If technically feasible, it does make sense to me to add this functionality.
Alternative approach: Add an option to save named searches/search profiles to the find/replace dialog. Would be useful especially for some more involved regex searches.
We discussed the topic in the design meeting. There seems to be some acceptance for the idea to share find and replace terms. But if we implement this it might be a good idea to add an option for the alternative behavior. The second part is not clear. Storing the data with the document is not acceptable while saving on the workstation could be done with the recently used files (so you get the search terms per document) or independently, which allows to have it on new documents. The latter sounds more reasonable. Olivier, do you agree?
Storing on the workstation makes sense to me, yes. I like the idea of being able to selectively choose which replacement patterns should be retained. Storing every one-off replaces may create too much noise. However as a user, you would know when you are using the same s/r for the fifth time, so it would make sense to be able to explicitly mark an s/r pair for storing locally for later reuse. And, yes, regexps are definitely involved in my use-case.
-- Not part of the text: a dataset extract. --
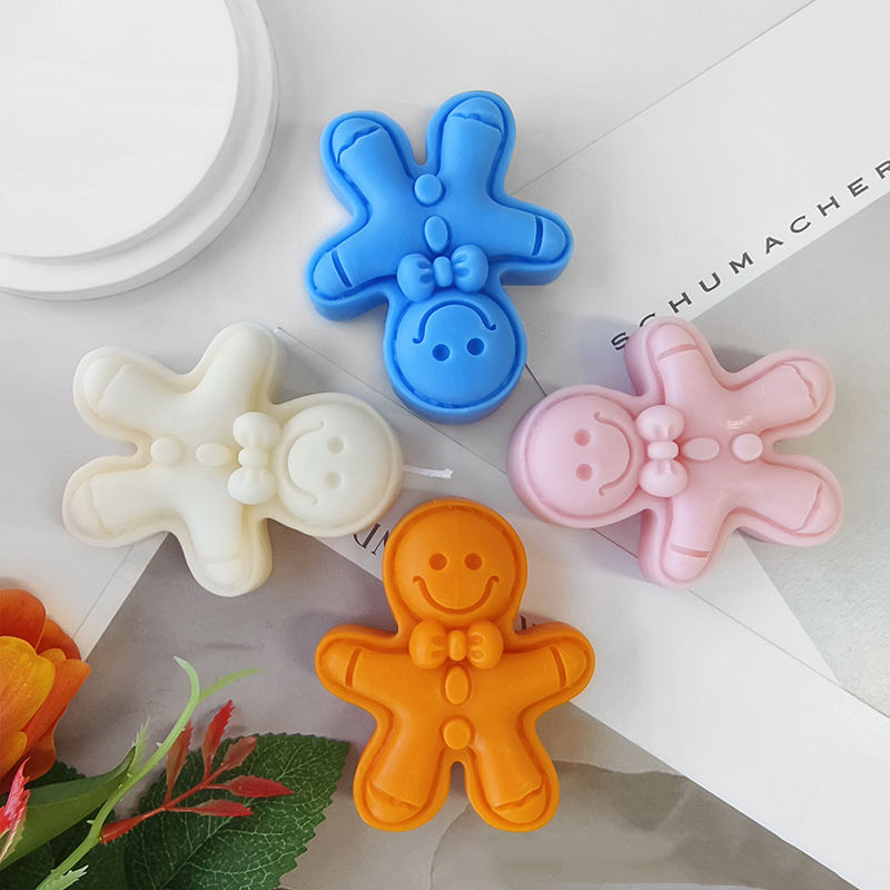 Bougie parfumée à la rose en forme d'homme en pain d'épices pour la détente à la maison, idéale pour offrir en cadeau

Thinking about this some more, I am against implementing this. The benefit is outweighed by the potential for inadvertantly disclosing information one does not wish to have disclosed. Example: Guest account on a desktop computer somewhere. Person 1 opens a document which is password-protected and searches for some sensitive information. They then close the document and leave. Then, Person 2 logs in and starts LibreOffice. They can now see strings or pairs-of-strings from within a confidential document, with zero effort. The pairs-of-strings also allow them some insight regarding what actions Person 1 was taking. Also, thinking about the applications I use which have Find/F&R functionality - I believe essentially all of them retaining Find strings and Fine/Replace between app sessions: Text Editors, IDEs, PDF readers and so on. But - what about as an opt-in feature? In that case, the level of danger is somewhat lower, although not all the way down, since the person typing in the search string might not be aware of the opt-in. So in this case I don't have a strong opinion either way.